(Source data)

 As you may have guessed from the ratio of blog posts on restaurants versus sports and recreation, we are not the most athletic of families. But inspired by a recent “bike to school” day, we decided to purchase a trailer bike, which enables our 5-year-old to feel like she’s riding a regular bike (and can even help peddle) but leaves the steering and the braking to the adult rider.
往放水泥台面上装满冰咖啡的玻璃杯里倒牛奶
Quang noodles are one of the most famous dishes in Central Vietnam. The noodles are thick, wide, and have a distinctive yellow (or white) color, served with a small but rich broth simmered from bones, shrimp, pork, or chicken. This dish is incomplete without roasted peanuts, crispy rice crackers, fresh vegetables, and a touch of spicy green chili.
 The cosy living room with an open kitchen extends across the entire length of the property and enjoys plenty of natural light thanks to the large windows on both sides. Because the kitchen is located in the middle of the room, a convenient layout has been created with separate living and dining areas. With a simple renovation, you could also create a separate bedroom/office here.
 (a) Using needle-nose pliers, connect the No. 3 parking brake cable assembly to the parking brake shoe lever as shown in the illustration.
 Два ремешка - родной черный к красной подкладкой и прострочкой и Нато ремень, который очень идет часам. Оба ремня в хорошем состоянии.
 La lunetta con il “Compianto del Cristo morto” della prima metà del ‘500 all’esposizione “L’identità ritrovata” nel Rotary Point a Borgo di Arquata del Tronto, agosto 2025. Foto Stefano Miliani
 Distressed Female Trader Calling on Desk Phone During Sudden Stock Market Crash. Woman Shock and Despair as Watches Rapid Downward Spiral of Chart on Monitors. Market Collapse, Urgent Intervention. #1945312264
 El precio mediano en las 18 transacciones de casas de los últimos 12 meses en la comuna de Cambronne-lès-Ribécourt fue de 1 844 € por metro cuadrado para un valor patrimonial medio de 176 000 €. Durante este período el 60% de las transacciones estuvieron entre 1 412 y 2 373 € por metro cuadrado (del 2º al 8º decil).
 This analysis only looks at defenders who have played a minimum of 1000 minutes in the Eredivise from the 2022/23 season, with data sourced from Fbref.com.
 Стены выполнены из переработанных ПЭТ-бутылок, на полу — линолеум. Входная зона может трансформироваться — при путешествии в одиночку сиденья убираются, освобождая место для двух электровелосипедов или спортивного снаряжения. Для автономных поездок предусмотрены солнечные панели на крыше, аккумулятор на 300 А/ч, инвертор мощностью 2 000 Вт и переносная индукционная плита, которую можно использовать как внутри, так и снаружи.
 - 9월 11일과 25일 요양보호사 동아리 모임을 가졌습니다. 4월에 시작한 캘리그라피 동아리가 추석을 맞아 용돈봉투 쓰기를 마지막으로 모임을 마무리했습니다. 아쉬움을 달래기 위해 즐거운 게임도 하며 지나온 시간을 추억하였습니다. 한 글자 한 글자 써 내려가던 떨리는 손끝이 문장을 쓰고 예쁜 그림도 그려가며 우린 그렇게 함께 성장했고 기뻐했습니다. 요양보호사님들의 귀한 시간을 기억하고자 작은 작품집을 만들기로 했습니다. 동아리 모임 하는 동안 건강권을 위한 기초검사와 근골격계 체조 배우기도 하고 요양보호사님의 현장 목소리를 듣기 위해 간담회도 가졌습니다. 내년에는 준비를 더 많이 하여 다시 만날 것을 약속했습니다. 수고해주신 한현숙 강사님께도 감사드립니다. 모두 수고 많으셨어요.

* [What needs to be done]
Please write out, exactly as they appear, the lines from the one containing "Стены выполнены из" through the last line of the records above, and nothing more.

* [Output of the task]
 Стены выполнены из переработанных ПЭТ-бутылок, на полу — линолеум. Входная зона может трансформироваться — при путешествии в одиночку сиденья убираются, освобождая место для двух электровелосипедов или спортивного снаряжения. Для автономных поездок предусмотрены солнечные панели на крыше, аккумулятор на 300 А/ч, инвертор мощностью 2 000 Вт и переносная индукционная плита, которую можно использовать как внутри, так и снаружи.
 - 9월 11일과 25일 요양보호사 동아리 모임을 가졌습니다. 4월에 시작한 캘리그라피 동아리가 추석을 맞아 용돈봉투 쓰기를 마지막으로 모임을 마무리했습니다. 아쉬움을 달래기 위해 즐거운 게임도 하며 지나온 시간을 추억하였습니다. 한 글자 한 글자 써 내려가던 떨리는 손끝이 문장을 쓰고 예쁜 그림도 그려가며 우린 그렇게 함께 성장했고 기뻐했습니다. 요양보호사님들의 귀한 시간을 기억하고자 작은 작품집을 만들기로 했습니다. 동아리 모임 하는 동안 건강권을 위한 기초검사와 근골격계 체조 배우기도 하고 요양보호사님의 현장 목소리를 듣기 위해 간담회도 가졌습니다. 내년에는 준비를 더 많이 하여 다시 만날 것을 약속했습니다. 수고해주신 한현숙 강사님께도 감사드립니다. 모두 수고 많으셨어요.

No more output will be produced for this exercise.